In duplicating the lines below, keep every word unchanged and drop the pictures.

Source data:
== Segment start ==
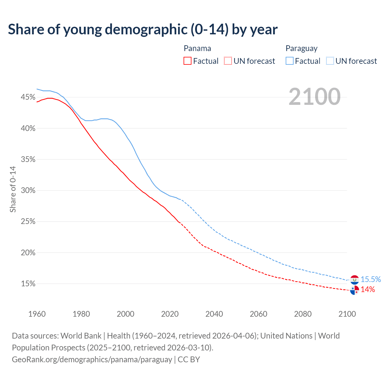 - The share of young demographic (0-15 years old) in Panama is 24.9% vs 28.6% in Paraguay.
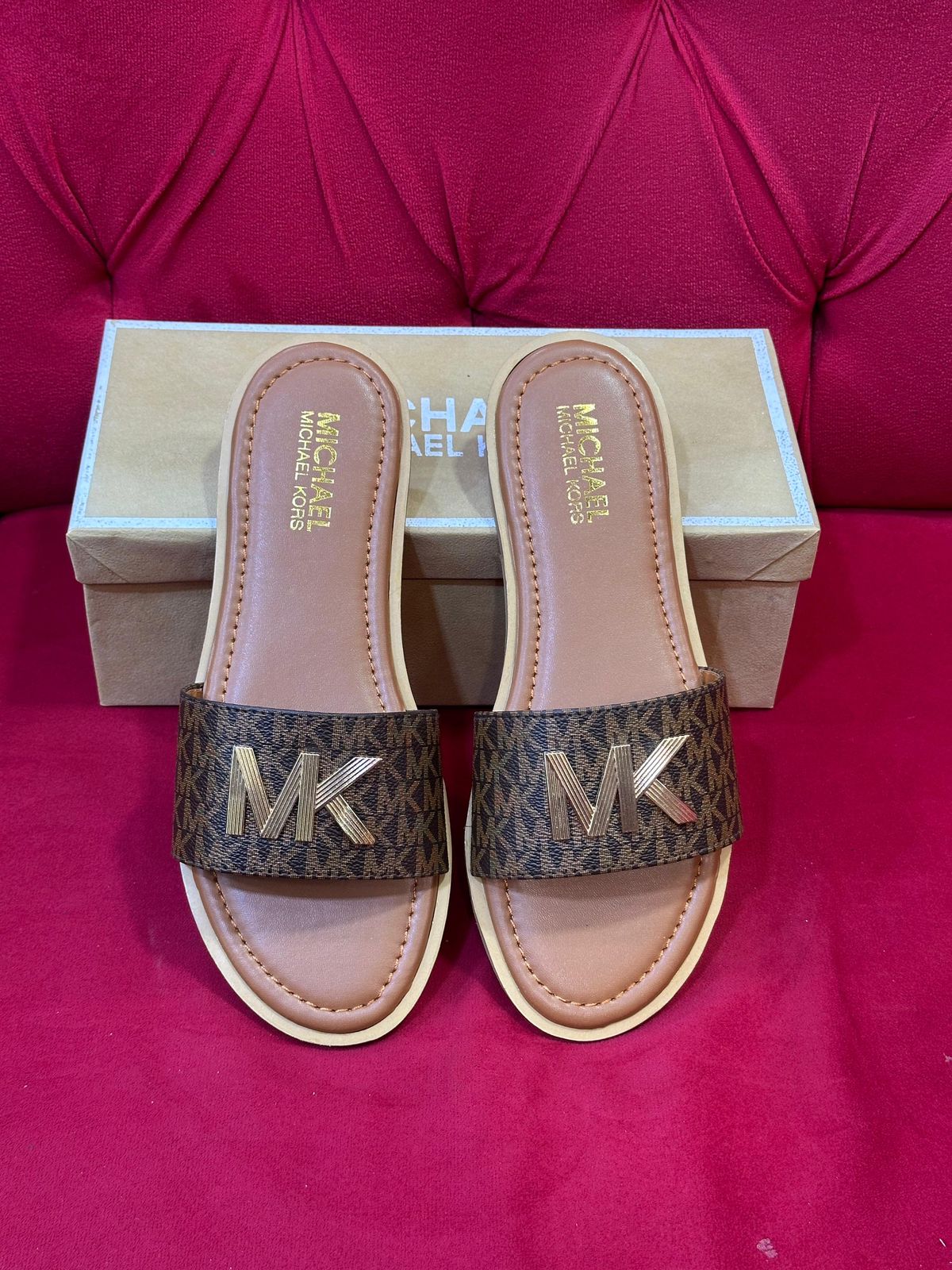 • Features iconic Michael Kors logo pattern or emblem on the upper
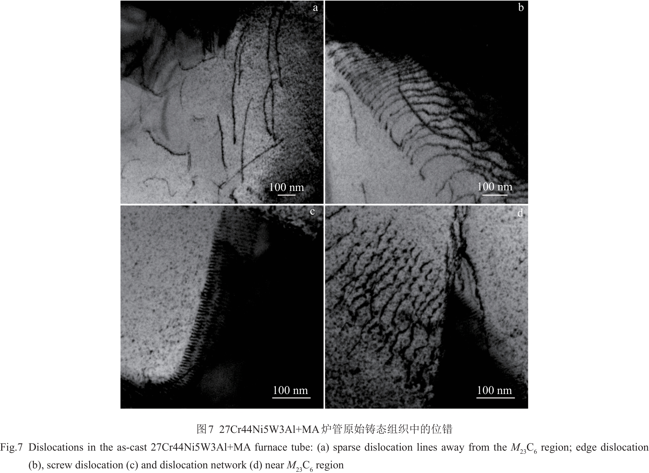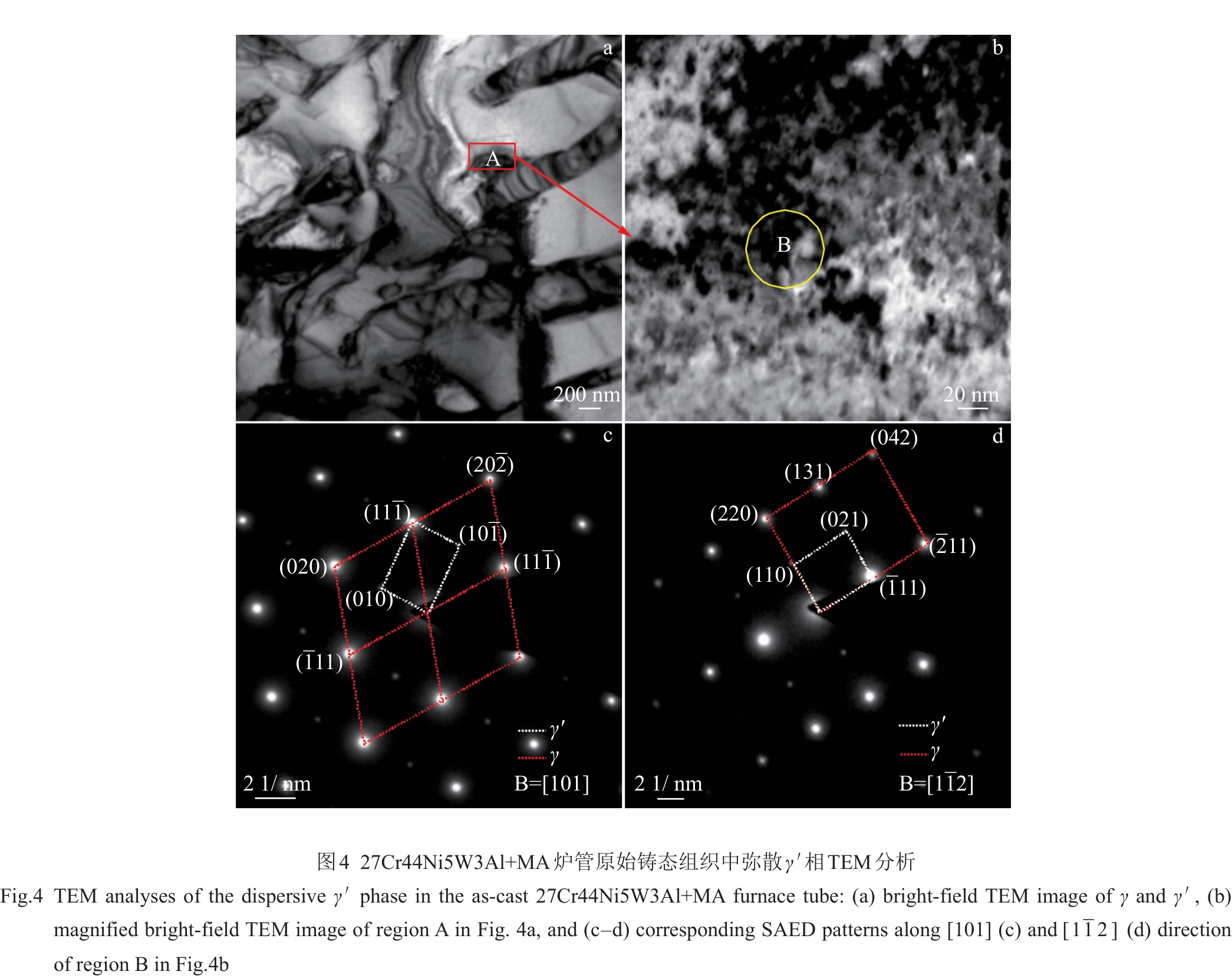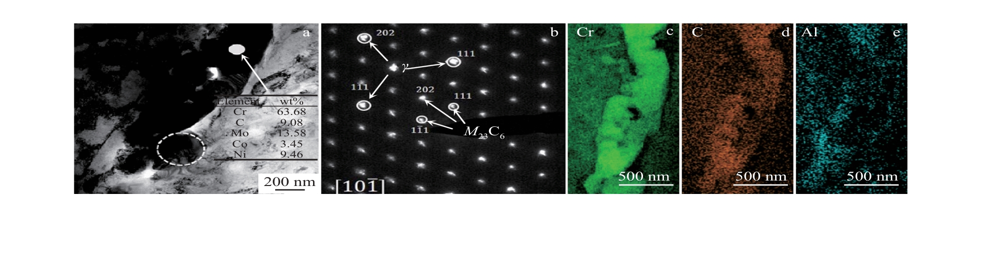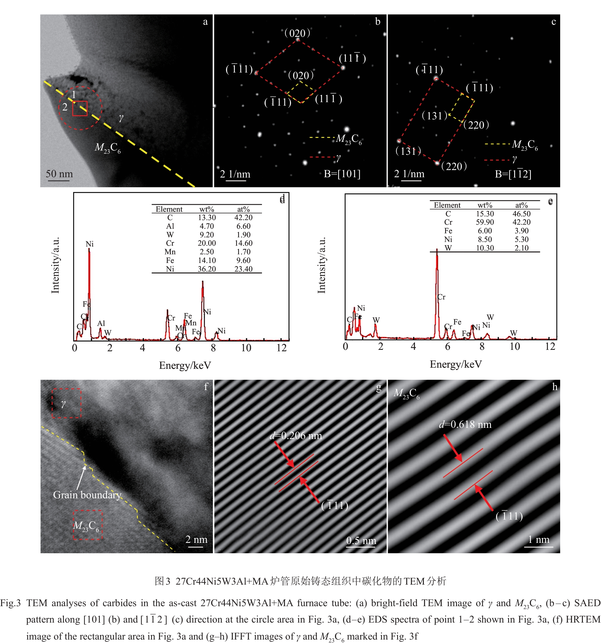 摘要:为了探明离心铸造27Cr44Ni5W3Al+MA(微合金)乙烯裂解炉管的原始铸态组织,采用XRD、OM、SEM及TEM等对原始铸态炉管进行了相组成分析及显微组织表征。结果表明:炉管原始铸态组织主要为奥氏体基体(γ相)和晶界鱼骨状复相碳化物,其中复相碳化物内部为片层状M7C3,边缘为块状M23C6。此外,还观察到2种形态的Ni3Al(γ′相),分别为在M23C6与基体交界处附近弥散分布的颗粒状及与M23C6相邻的块状。γ相与M23C6及颗粒状γ′相之间均存在立方-立方的位向关系
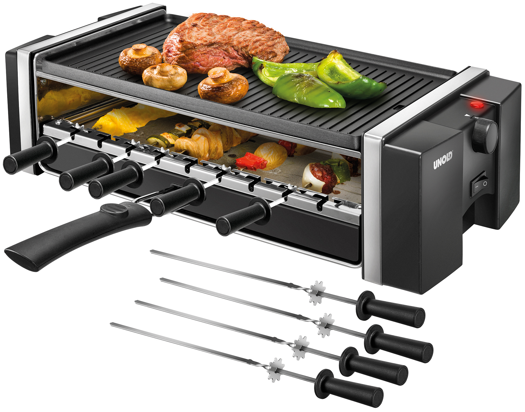 Der Unold Grill & Kebab ist ein Grill mit Grillplatte und neun Drehspießen. Auf der besonders großen, wendbaren Grillfläche mit stufenloser Temperaturregelung gelingt das Grillgut einfach perfekt. Gleichzeitig bieten die 9 Fleisch-, Fisch- und Gemüsespieße Grillgenuss für jeden Geschmack. Durch die zuschaltbare Rotation werden die Spieße gleichmäßig gegrillt. Die Spieße lassen sich auch für Obst- und Fruchtspieße verwenden. Grillplatte, Fettauffangschale und Spieße sind spülmaschinengeeignet.
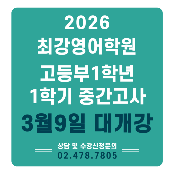 최강영어학원 고등부 1학년 1학년 첫 중간고사 내신대비 3월 9일 대개강 고등학교에 입학한 지 얼마 되지 않은 지금, 아이들에게 가장 중요한 것은 첫 중간고사 준비 방향을 제대로 잡는 것입니다. 고1 첫 내신은 단순한 한 번의 시험이 아닙니다. 앞으로 3년간의 내신 흐름을 결정짓는 출발점이며, 학생 스스로도 “나는 어느 정도까지 해낼 수 있는가”를 확인하는 중요한 시험입니다. 최강영어학원은 3월 9일부터 고등부 1학년 학교별 맞춤 내신대비 수업을 본격적으로 시작합니다. ■ 왜 ‘지금’부터 준비해야 할까요? 고등 영어는 중등과 완전히 다릅니다. 시험 범위의 깊이 서술형 비중 증가 학교별 출제 스타일 차이 변형 문제 난이....... <img src="https://blogthumb.pstatic.net/MjAyNjAzMDJfMjUg/MDAxNzcyMzgxNjQ5NDM3.0XVYvrpMkuGIjmp3agQDGHILzIP1PnAJHL_fL2Z6tAog.nCAC3rbwBcI2gS505D6lBZx1e6NMVHyXh1IzOW8wkqEg.PNG/%B0%DC%BF%EF%C6%AF%B0%AD_%BA%B9%BB%E7%BA%BB-003.png?type=s3" />
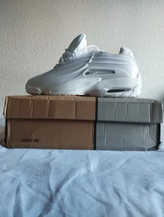 Zapatillas de la colaboración Nike × NOCTA (Drake), en blanco con detalles metálicos, con un diseño moderno y llamativo que no pasa desapercibido. Materiales de calidad y muy cómodas. Suela resistente y ligera, perfectas para llevar todo el día sin problema. Estilo urbano y minimalista, combinan con cualquier outfit streetwear o casual. Edición limitada, ideales para coleccionistas o para destacar con un look único. Talla: 42 Estado: nuevas, sin estrenar. Caja original incluida. 💌 Más información o negociación por privado.
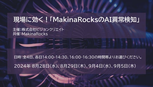 この度、ビジョンクリエイトはMakinaRocksのAIソリューションをご紹介するオンラインウェビナー(関連リンク記載)を開催し、製造現場におけるAI活用を促進してまいります。
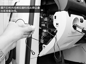 再将裸露在外的线缆全部用一字螺丝刀仔细地捅进中控台的缝隙中,然后把光线感应器黏贴在中控台的最前端,让其可以充分感应到外界的实际光量,以做出正确的判断。
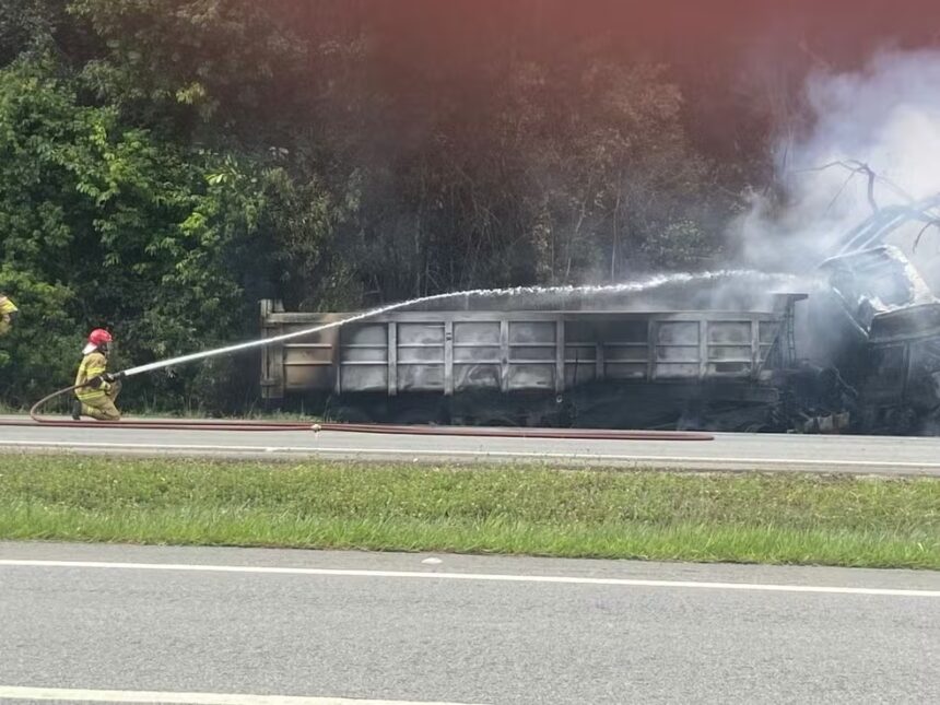 O subtenente Monteiro, da Polícia Militar, explicou que o motorista do caminhão informou que percebeu o início do incêndio e tentou tirar o cinto de segurança, mas perdeu o controle e atravessou a rodovia. A Polícia Militar passava pelo local no momento e conseguiu tirar o motorista do veículo a tempo.
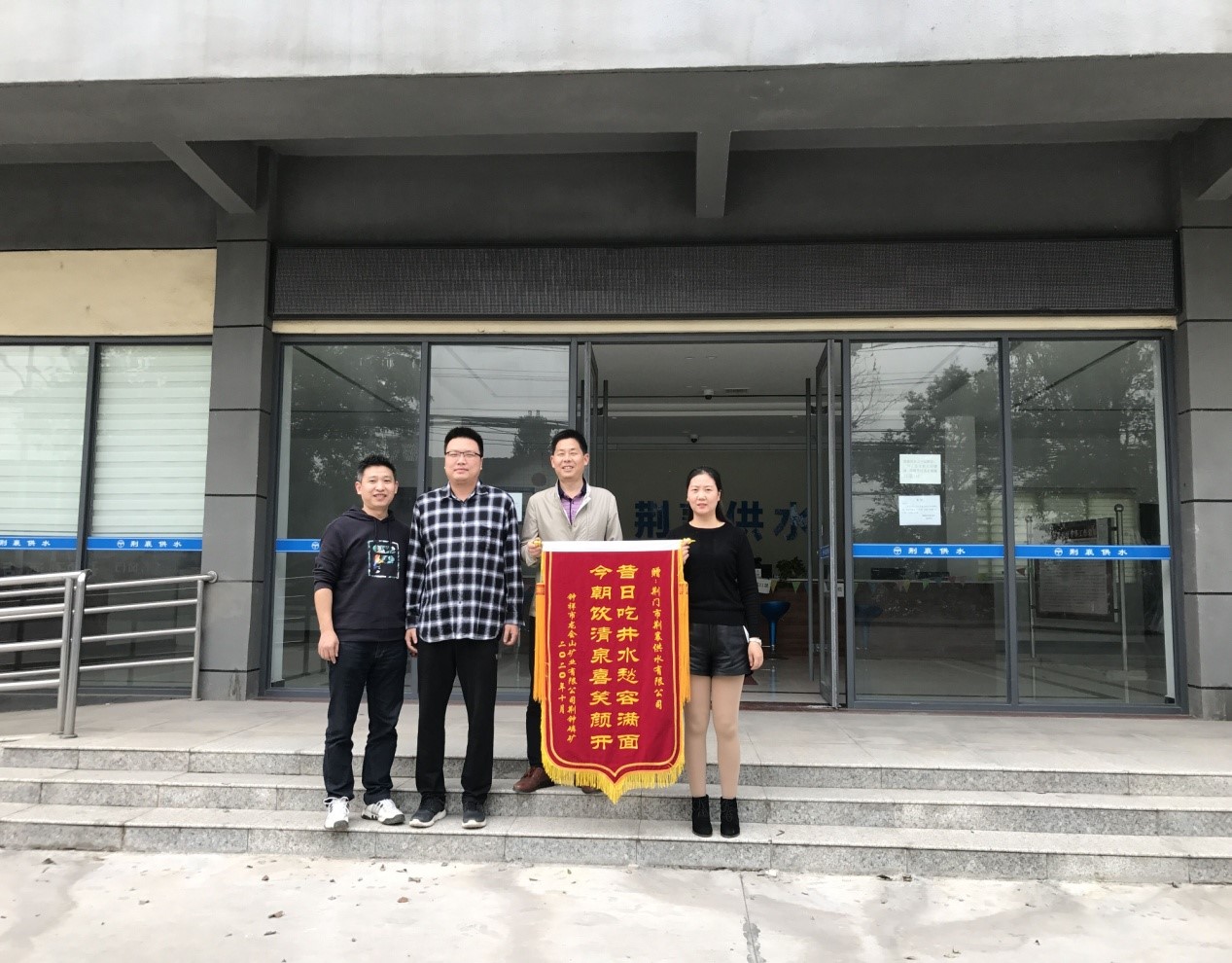 10月10日下午,鐘祥市龍會山礦業(yè)有限公司荊鐘磷礦礦長李綱專程來到荊襄供水公司,送來一面寫有“昔日吃井水愁容滿面 今朝飲清泉喜笑顏開”的錦旗,以表達對該公司為其高效開通自來水的謝意。
== Segment end ==
ANSWER:
 - The share of young demographic (0-15 years old) in Panama is 24.9% vs 28.6% in Paraguay.
 • Features iconic Michael Kors logo pattern or emblem on the upper
 摘要:为了探明离心铸造27Cr44Ni5W3Al+MA(微合金)乙烯裂解炉管的原始铸态组织,采用XRD、OM、SEM及TEM等对原始铸态炉管进行了相组成分析及显微组织表征。结果表明:炉管原始铸态组织主要为奥氏体基体(γ相)和晶界鱼骨状复相碳化物,其中复相碳化物内部为片层状M7C3,边缘为块状M23C6。此外,还观察到2种形态的Ni3Al(γ′相),分别为在M23C6与基体交界处附近弥散分布的颗粒状及与M23C6相邻的块状。γ相与M23C6及颗粒状γ′相之间均存在立方-立方的位向关系
 Der Unold Grill & Kebab ist ein Grill mit Grillplatte und neun Drehspießen. Auf der besonders großen, wendbaren Grillfläche mit stufenloser Temperaturregelung gelingt das Grillgut einfach perfekt. Gleichzeitig bieten die 9 Fleisch-, Fisch- und Gemüsespieße Grillgenuss für jeden Geschmack. Durch die zuschaltbare Rotation werden die Spieße gleichmäßig gegrillt. Die Spieße lassen sich auch für Obst- und Fruchtspieße verwenden. Grillplatte, Fettauffangschale und Spieße sind spülmaschinengeeignet.
 최강영어학원 고등부 1학년 1학년 첫 중간고사 내신대비 3월 9일 대개강 고등학교에 입학한 지 얼마 되지 않은 지금, 아이들에게 가장 중요한 것은 첫 중간고사 준비 방향을 제대로 잡는 것입니다. 고1 첫 내신은 단순한 한 번의 시험이 아닙니다. 앞으로 3년간의 내신 흐름을 결정짓는 출발점이며, 학생 스스로도 “나는 어느 정도까지 해낼 수 있는가”를 확인하는 중요한 시험입니다. 최강영어학원은 3월 9일부터 고등부 1학년 학교별 맞춤 내신대비 수업을 본격적으로 시작합니다. ■ 왜 ‘지금’부터 준비해야 할까요? 고등 영어는 중등과 완전히 다릅니다. 시험 범위의 깊이 서술형 비중 증가 학교별 출제 스타일 차이 변형 문제 난이....... <img src="https://blogthumb.pstatic.net/MjAyNjAzMDJfMjUg/MDAxNzcyMzgxNjQ5NDM3.0XVYvrpMkuGIjmp3agQDGHILzIP1PnAJHL_fL2Z6tAog.nCAC3rbwBcI2gS505D6lBZx1e6NMVHyXh1IzOW8wkqEg.PNG/%B0%DC%BF%EF%C6%AF%B0%AD_%BA%B9%BB%E7%BA%BB-003.png?type=s3" />
 Zapatillas de la colaboración Nike × NOCTA (Drake), en blanco con detalles metálicos, con un diseño moderno y llamativo que no pasa desapercibido. Materiales de calidad y muy cómodas. Suela resistente y ligera, perfectas para llevar todo el día sin problema. Estilo urbano y minimalista, combinan con cualquier outfit streetwear o casual. Edición limitada, ideales para coleccionistas o para destacar con un look único. Talla: 42 Estado: nuevas, sin estrenar. Caja original incluida. 💌 Más información o negociación por privado.
 この度、ビジョンクリエイトはMakinaRocksのAIソリューションをご紹介するオンラインウェビナー(関連リンク記載)を開催し、製造現場におけるAI活用を促進してまいります。
 再将裸露在外的线缆全部用一字螺丝刀仔细地捅进中控台的缝隙中,然后把光线感应器黏贴在中控台的最前端,让其可以充分感应到外界的实际光量,以做出正确的判断。
 O subtenente Monteiro, da Polícia Militar, explicou que o motorista do caminhão informou que percebeu o início do incêndio e tentou tirar o cinto de segurança, mas perdeu o controle e atravessou a rodovia. A Polícia Militar passava pelo local no momento e conseguiu tirar o motorista do veículo a tempo.
 10月10日下午,鐘祥市龍會山礦業(yè)有限公司荊鐘磷礦礦長李綱專程來到荊襄供水公司,送來一面寫有“昔日吃井水愁容滿面 今朝飲清泉喜笑顏開”的錦旗,以表達對該公司為其高效開通自來水的謝意。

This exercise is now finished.